Vcache is a hashtable. This is another optimization technique to reuse
already tokenized word. For eg: when "malayalam" is transliterated,
tokenization happens and cache gets filled with tokens. When it is
transliterated again, tokenization will just use the cache and won't
touch the disk. This improves performance dramatically.

>
> 3. What is the purpose of int tokenize_using and int match_type, the
> parameters of vst_tokenize()?

A tokenization can be of two types, pattern tokenization and value
tokenization. Pattern tokenization is about tokenizing words which you
will send for transliteration. Value tokenization is on the indic text.
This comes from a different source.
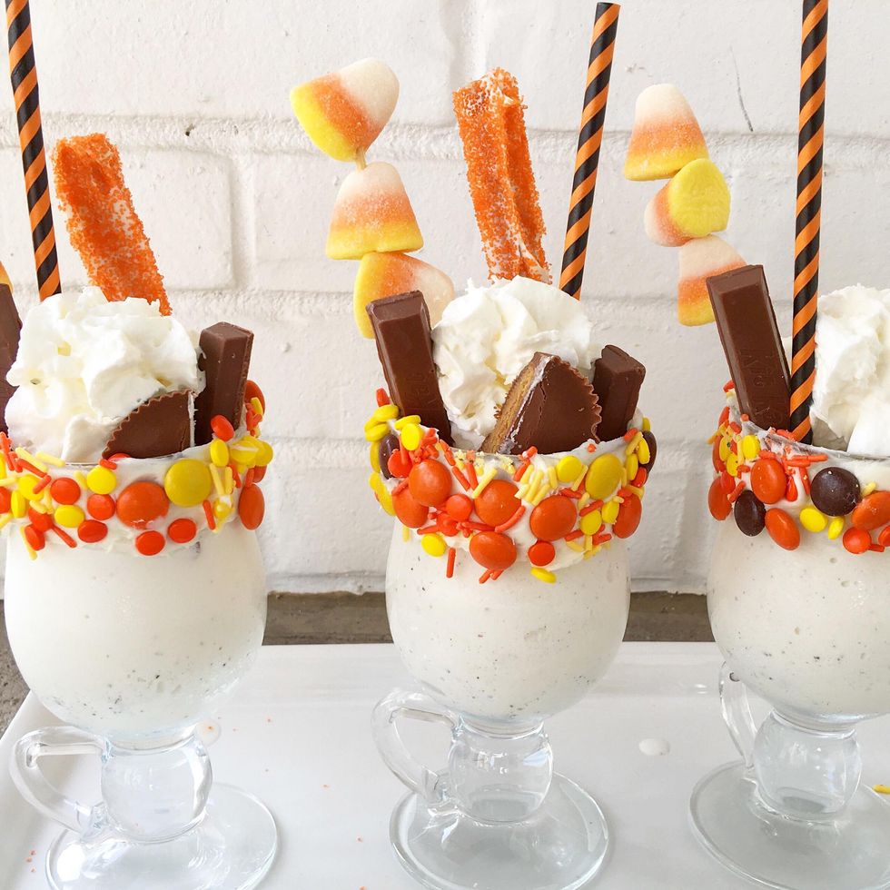Garnish with candies. For this treat, I skewered candy corn gummies on a kabob stick and iced the top of a pirouette and dusted it with orange sanding sugar. The options are limitless!

tokenize ("malayalam") = pattern tokenization
tokenize ("മലയാളം") = value tokenization

To understand how tokenization works, you can use the `print-tokens`
tool available in the `tools` directory. It is not compiled usually. You
need to pass `-DBUILD_TOOLS=true` when doing `cmake .` to get it compiled.

>
> 4. Assume that a malayalam stemmer ml_stemmer() has been implemented. Will
> it replace vst_tokenize() or will the line :
>
>                           base=ml_stemmer(input)
>
>     be inside the vst_tokenize() function? The answer to this question must
> be pretty straight forward but I cannot see it since I do not
>     understand vst_tokenize() yet.

Stemmer won't have connection to tokenization. Stemmer will be part of
learning subsystem. So `varnam_learn()` function will use it.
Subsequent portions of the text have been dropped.